To see if we can find more useful data, we'll look next at the categorical weather-related columns: weather_main and weather_description
#calculate the average traffic volume associated with each unique value in these two columns.
by_weather_main = day_data.groupby('weather_main').mean()
by_weather_description = day_data.groupby('weather_description').mean()
#Plot a horizontal bar plot for the traffic_volume column of by_weather_main.
by_weather_main['traffic_volume'].plot.barh()
plt.show()
Bar plot analysis
Despite weather conditions, traffic volume exeeds 4000, but does not exeed 5000 cars.
#Plot horizontal bar plot for the traffic_volume column of by_weather_description
by_weather_description['traffic_volume'].plot.barh(figsize=(7,12))#figsize used to adjust size of graph.
plt.show()
Bar plot analysis
Taffic volume exeeds 5000 cars when there is light rain and snow, shower snow and proximity thunderstom with drizzle.
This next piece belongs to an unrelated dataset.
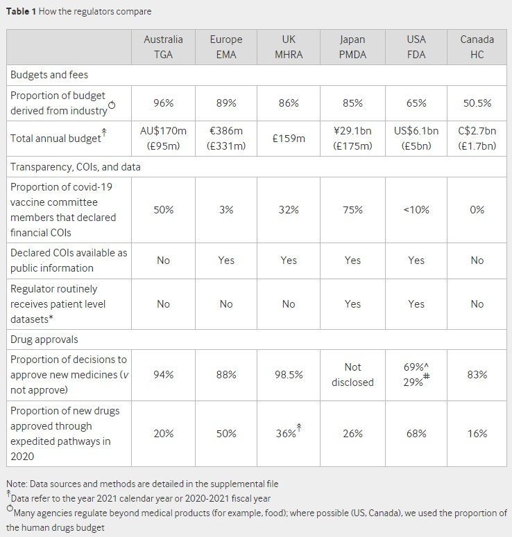 In an article in the BMJ last year, the author illustrated how “Industry money saturates the globe’s leading regulators. The BMJ found that the majority of regulators’ budget—particularly the portion focused on drugs—is derived from industry fees.” This table within that article, summarising the BMJs investigations, presents the stark realities of regulatory capture of our healthcare systems around the world:
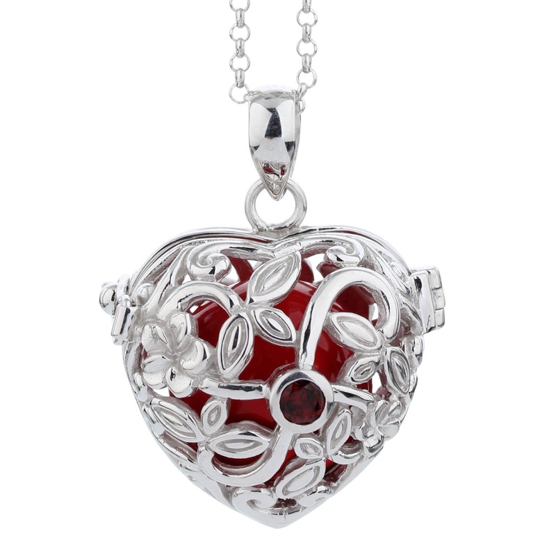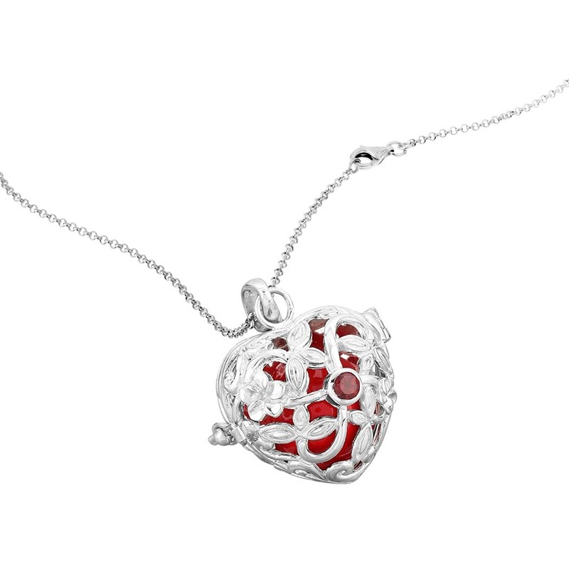 Nenalina Silver necklace with angel whisperer heart pendant and red chime ball, women's necklace with jewellery and chain pendant, length 80 cm, 925 sterling silver, EFS-007, Sterling Silver, Garnet

It isn't transparent why the traffic volume is that high during not so favorable weather conditions, no outliers found.
The results of this analysis on I94 traffic westbound to the station procured a 2 indicators of high traffic volumes:
Time indicators
Traffic is high between March and October. Business days have a lot higher volume than weekends, one probality would be daily commuting. Approximately 7280 cars past the the station twice (7am & 4pm), probably at rush hour time periods.
Weather indicators
Traffic volume exeeds 5000 cars when there is light rain and snow, shower snow and proximity thunderstom with drizzle.